Ce n'est pas de la dernière pluie acide que ce professeur, poète-philosophe et essayiste (au sens fort du terme, celui qui met en jeu pour lui-même la pensée) hurle son indignation contre les forces de destruction de l'humanité. En témoigne cet extrait de la célèbre Nuit de la poésie de 1970 où le jeune Chamberland dit ce qu'il voit. Que voit-il alors? Il voit deux peuples vivant l'un dans l'autre, mais dans  des sens opposés : le peuple des porcs et le peuple des enfants. Il voit le système, la maudite machine comme on disait en ces années de contestation planétaire. « Que l'Homme soit! Let it Be. »

Dans un échange avec David Cantin (Le Devoir, Paul Chamberland, dire l'insupportable, 13/04/2003) à l'occasion de la parution du recueil Au seuil d'une autre terre (Éd. du Noroît, 2003) et de quarante ans d'écriture, le poète déclarait avoir éprouvé l'anxiété planétaire : «  «[...] le travail de la pensée n'est-il pas de supporter l'embarras en ne déniant pas ce qui échappe à l'expérience avérée — justement parce qu'il y a expérience?».  
Photo Jacques Desmarais, Paul Chamberland, soirée de la revue Exit, Lion d'Or, 13.10 2015. 
Le Chamberland de 2015 vieillit comme tout le monde sur une Terre dévastée où le point de non-retour a été franchi! C'est entendu! Voilà ce qu'il voit, voilà ce qu'il prend la peine de dire le 23 juin 2015 lors du lancement de son essai. Le piétinement et la cupidité des puissants en coulisse  de la COP de Paris font partie du portrait de la famille qui se demande encore à minuit moins une s'il faut vraiment inviter tout le monde à la table? Mais qui va payer? 
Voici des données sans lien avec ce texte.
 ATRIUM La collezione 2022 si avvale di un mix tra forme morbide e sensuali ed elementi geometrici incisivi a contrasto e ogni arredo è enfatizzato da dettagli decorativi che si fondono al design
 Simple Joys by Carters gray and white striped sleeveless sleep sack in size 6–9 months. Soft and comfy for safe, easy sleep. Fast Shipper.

L'extrême qui vient? Qu'est-ce que c'est ça?  Et que faire?

Cette question est piégée, tranche Chamberland. L'heure est à formuler avec une gravité épouvantable une injonction éthique à l'égard de la pensée : prendre la mesure jusqu'au bout pour nos descendants de la terrifiante éventualité « où il n'y aurait rien à faire »!

Laisser toute la place à un autre avenir, combien sommes nous sur la Terre à fomenter cette urgence de renversement, se demande Chamberland qui fait « le pari, même endeuillé, de l'espérance »?

Ces propos liminaires trop rapidement glanés crèvent quelques prétentions dans la soucoupe des bobos éveillés. Ils interpellent au plus câlice, que je me suis dit en moi-même.